Data supplied Block Start

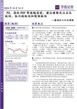 [化工]2024-10-14-华鑫证券-基础化工行业周报:PX、涤纶POY等涨幅居前,建议继续关注石化板块、钛白粉板块和轮胎板块-31页(银创产业通www.chanyetong.net)
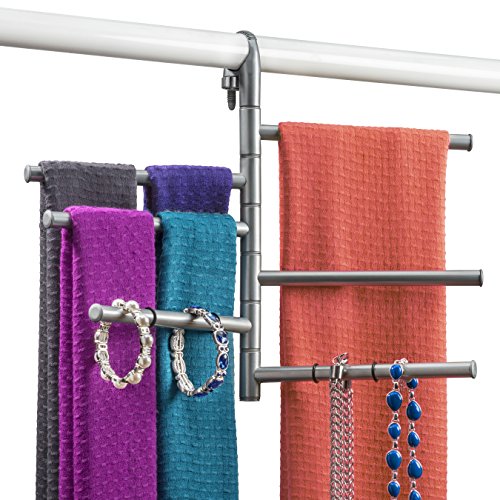 Lynk Hanging Pivoting Scarf Rack and Accessory Holder - Closet Hanger Organizer Rack - Platinum
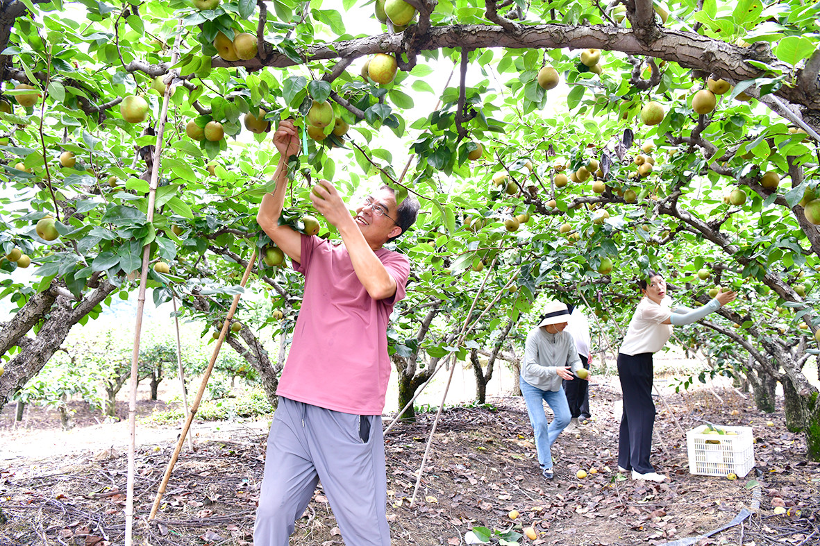 近年來(lái),該村打造了約200畝的“幸福果園”,通過(guò)引進(jìn)新技術(shù)、改良新品種等措施,提高鮮果品質(zhì),同時(shí)還積極拓展線上線下銷售渠道,實(shí)現(xiàn)增產(chǎn)增收。
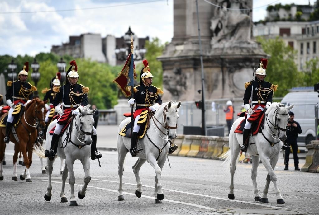 歡迎儀式后,習(xí)近平和夫人彭麗媛在共和國(guó)衛(wèi)隊(duì)148名騎兵組成的禮兵馬隊(duì)和摩托車隊(duì)護(hù)衛(wèi)下,乘車前往愛麗舍宮。
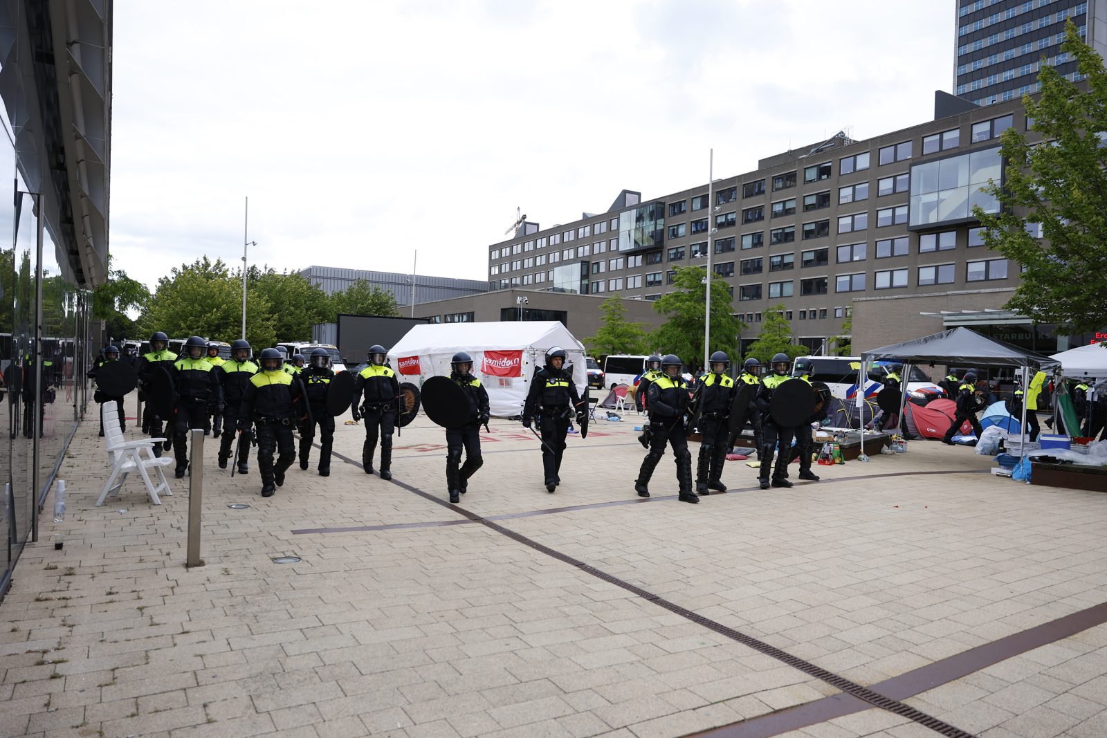 Demonstranten verlaten de campus in mars, universiteit ruimt tenten op
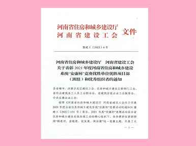 272022.01乐鱼·体育页面官方网站-乐鱼online(中国)焊工班组荣获“2021年度河南省住房和城乡建设系统‘安康杯’竞赛优胜班组”称号 -
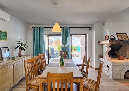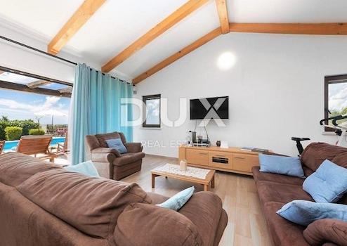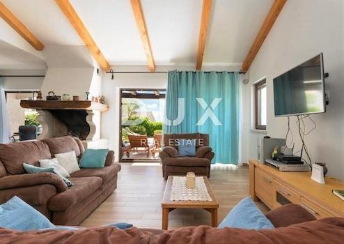 In einer märchenhaften Landschaft im Hinterland von Višnjan, am Rande des Dorfes, steht eine Villa mit Panoramablick zum Verkauf. Das Innere der Villa strahlt Komfort und Luftigkeit mit viel natürlichem Licht und Wärme aus, die durch die Holzbalken an den hohen Decken hervorgerufen werden. Die Fläche der Villa von 155 m² verteilt sich auf Erdgeschoss und Obergeschoss. Im Erdgeschoss befindet sich ein Wohnzimmer mit Esszimmer und Küche mit Zugang zu einer überdachten Terrasse, ein Schlafzimmer mit eigenem Badezimmer, eine Eingangshalle, ein Gäste-WC und eine Waschküche, sowie ein Abstellraum mit einem separater Eingang. Im Obergeschoss befinden sich zwei geräumige Schlafzimmer, jedes mit eigenem Bad und Terrasse. Beide Terrassen haben einen Panoramablick auf das Meer und die Umgebung. Die Heizung/Kühlung der Villa erfolgt über Klimaanlagen und einen Kamin für feste Brennstoffe im Wohnbereich, während die Warmwasserbereitung durch Sonnenkollektoren erfolgt (zwei Platten und Installation für zwei weitere). Neben der Villa befindet sich ein 36 m² großer Swimmingpool mit Sonnendeck, der auch einen Panoramablick auf das grüne Hinterland und die malerische Stadt Višnjan bietet, die nicht von den Olivenhainen und landwirtschaftlichen Flächen rund um die Villa verdeckt wird Nordwestseite. Das Anwesen ist komplett ausgestattet und möbliert und wird als solches verkauft. Diese komfortable Villa in attraktiver Lage ist eine ideale Gelegenheit für das Familienleben oder als Kapitalanlage zur Vermietung für touristische Zwecke (das Objekt ist mit 4 Sternen kategorisiert).
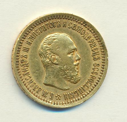Лицевая сторона — портрет Александра III и надпись «Б.М.АЛЕКСАНДРЪ III ИМПЕРАТОРЪ И САМОДЕРЖЕЦЪ ВСЕРОССIЙСКIЙ»», оборотная — двуглавый орел, обозначение номинала (5 рублей) и дата.
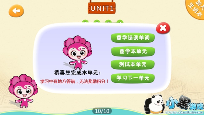 学完每个单元完成之后,针对学习过程中的错误单词,可以加强练习,也会提示测试整个单元。
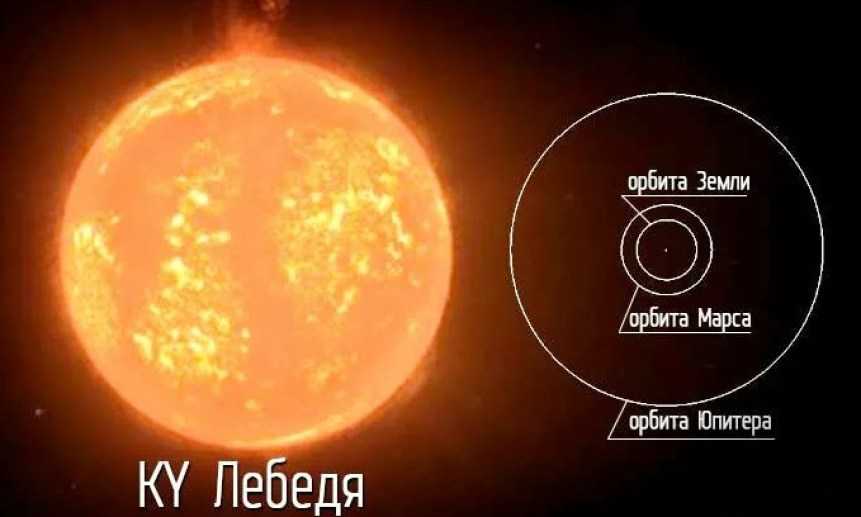 Если звезду KY Лебедя поместить в центр нашей системы, то она бы вышла за пределы орбиты Юпитера и поглотила его вместе со всеми спутниками.
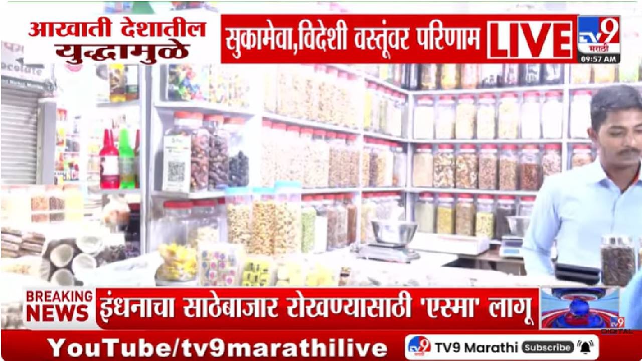 आखाती देशांमध्ये सुरू असलेल्या युद्धाचा परिणाम आता मुंबईतील बाजारपेठांवरही दिसू लागला आहे. विशेषतः मुंबईच्या क्रॉफर्ड मार्केटमध्ये आयात होणाऱ्या सुका मेवा आणि इतर विदेशी वस्तूंवर त्याचा मोठा परिणाम झाला आहे. युद्धाच्या पार्श्वभूमीवर परदेशातून येणाऱ्या मालाची आवक कमी झाली आहे. त्यामुळे इराणी पिस्ता, पाईन नट्स, खजूर यांसारख्या सुका मेव्याच्या किमतींमध्ये वाढ झाल्याचे व्यापाऱ्यांकडून सांगण्यात येत आहे.
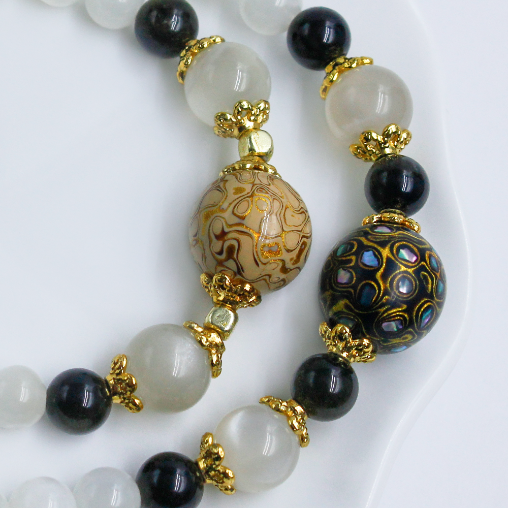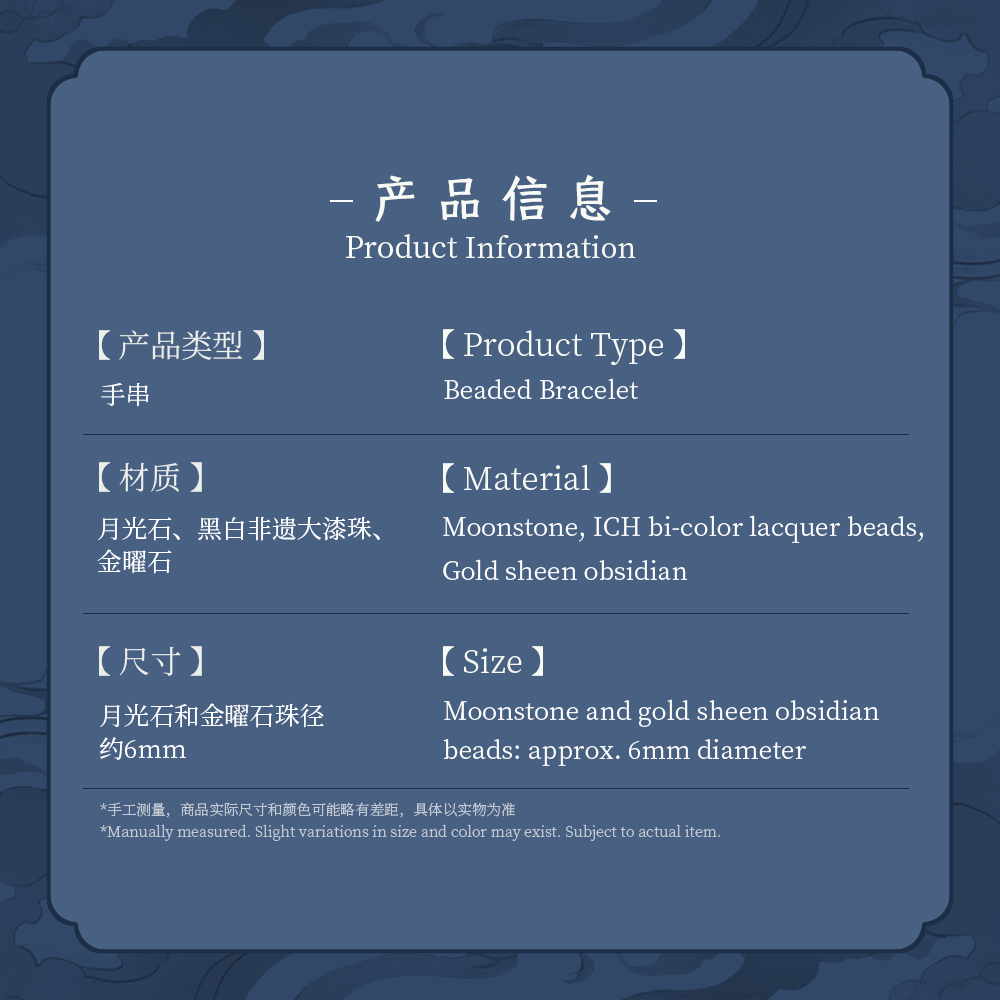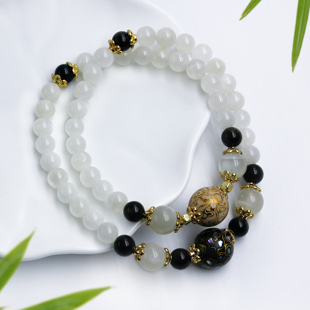 Material: Moonstone,Traditional Lacquer, Gold Obsidian
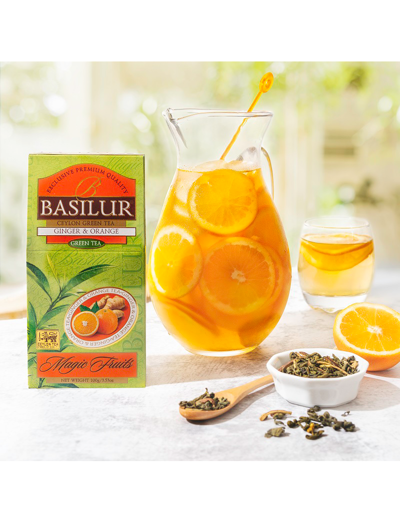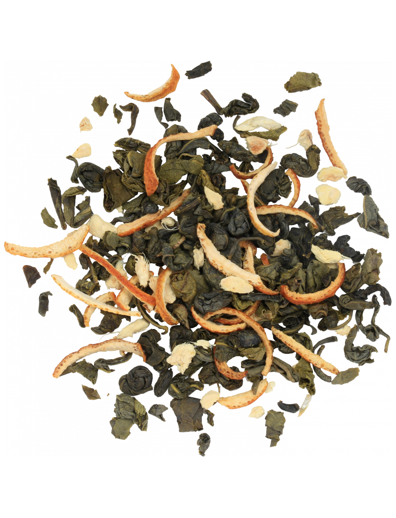 Цейлонський зелений листовий чай з імбиром, цедрою апельсина та ароматом імбиру та апельсина.

Data supplied Block End

Problem description: Reproduce the whole listing word for word, setting aside any pictures.

Result of this task:
 [化工]2024-10-14-华鑫证券-基础化工行业周报:PX、涤纶POY等涨幅居前,建议继续关注石化板块、钛白粉板块和轮胎板块-31页(银创产业通www.chanyetong.net)
 Lynk Hanging Pivoting Scarf Rack and Accessory Holder - Closet Hanger Organizer Rack - Platinum
 近年來(lái),該村打造了約200畝的“幸福果園”,通過(guò)引進(jìn)新技術(shù)、改良新品種等措施,提高鮮果品質(zhì),同時(shí)還積極拓展線上線下銷售渠道,實(shí)現(xiàn)增產(chǎn)增收。
 歡迎儀式后,習(xí)近平和夫人彭麗媛在共和國(guó)衛(wèi)隊(duì)148名騎兵組成的禮兵馬隊(duì)和摩托車隊(duì)護(hù)衛(wèi)下,乘車前往愛麗舍宮。
 Demonstranten verlaten de campus in mars, universiteit ruimt tenten op
 272022.01乐鱼·体育页面官方网站-乐鱼online(中国)焊工班组荣获“2021年度河南省住房和城乡建设系统‘安康杯’竞赛优胜班组”称号 -
 In einer märchenhaften Landschaft im Hinterland von Višnjan, am Rande des Dorfes, steht eine Villa mit Panoramablick zum Verkauf. Das Innere der Villa strahlt Komfort und Luftigkeit mit viel natürlichem Licht und Wärme aus, die durch die Holzbalken an den hohen Decken hervorgerufen werden. Die Fläche der Villa von 155 m² verteilt sich auf Erdgeschoss und Obergeschoss. Im Erdgeschoss befindet sich ein Wohnzimmer mit Esszimmer und Küche mit Zugang zu einer überdachten Terrasse, ein Schlafzimmer mit eigenem Badezimmer, eine Eingangshalle, ein Gäste-WC und eine Waschküche, sowie ein Abstellraum mit einem separater Eingang. Im Obergeschoss befinden sich zwei geräumige Schlafzimmer, jedes mit eigenem Bad und Terrasse. Beide Terrassen haben einen Panoramablick auf das Meer und die Umgebung. Die Heizung/Kühlung der Villa erfolgt über Klimaanlagen und einen Kamin für feste Brennstoffe im Wohnbereich, während die Warmwasserbereitung durch Sonnenkollektoren erfolgt (zwei Platten und Installation für zwei weitere). Neben der Villa befindet sich ein 36 m² großer Swimmingpool mit Sonnendeck, der auch einen Panoramablick auf das grüne Hinterland und die malerische Stadt Višnjan bietet, die nicht von den Olivenhainen und landwirtschaftlichen Flächen rund um die Villa verdeckt wird Nordwestseite. Das Anwesen ist komplett ausgestattet und möbliert und wird als solches verkauft. Diese komfortable Villa in attraktiver Lage ist eine ideale Gelegenheit für das Familienleben oder als Kapitalanlage zur Vermietung für touristische Zwecke (das Objekt ist mit 4 Sternen kategorisiert).
Лицевая сторона — портрет Александра III и надпись «Б.М.АЛЕКСАНДРЪ III ИМПЕРАТОРЪ И САМОДЕРЖЕЦЪ ВСЕРОССIЙСКIЙ»», оборотная — двуглавый орел, обозначение номинала (5 рублей) и дата.
 学完每个单元完成之后,针对学习过程中的错误单词,可以加强练习,也会提示测试整个单元。
 Если звезду KY Лебедя поместить в центр нашей системы, то она бы вышла за пределы орбиты Юпитера и поглотила его вместе со всеми спутниками.
 आखाती देशांमध्ये सुरू असलेल्या युद्धाचा परिणाम आता मुंबईतील बाजारपेठांवरही दिसू लागला आहे. विशेषतः मुंबईच्या क्रॉफर्ड मार्केटमध्ये आयात होणाऱ्या सुका मेवा आणि इतर विदेशी वस्तूंवर त्याचा मोठा परिणाम झाला आहे. युद्धाच्या पार्श्वभूमीवर परदेशातून येणाऱ्या मालाची आवक कमी झाली आहे. त्यामुळे इराणी पिस्ता, पाईन नट्स, खजूर यांसारख्या सुका मेव्याच्या किमतींमध्ये वाढ झाल्याचे व्यापाऱ्यांकडून सांगण्यात येत आहे.
 Material: Moonstone,Traditional Lacquer, Gold Obsidian
 Цейлонський зелений листовий чай з імбиром, цедрою апельсина та ароматом імбиру та апельсина.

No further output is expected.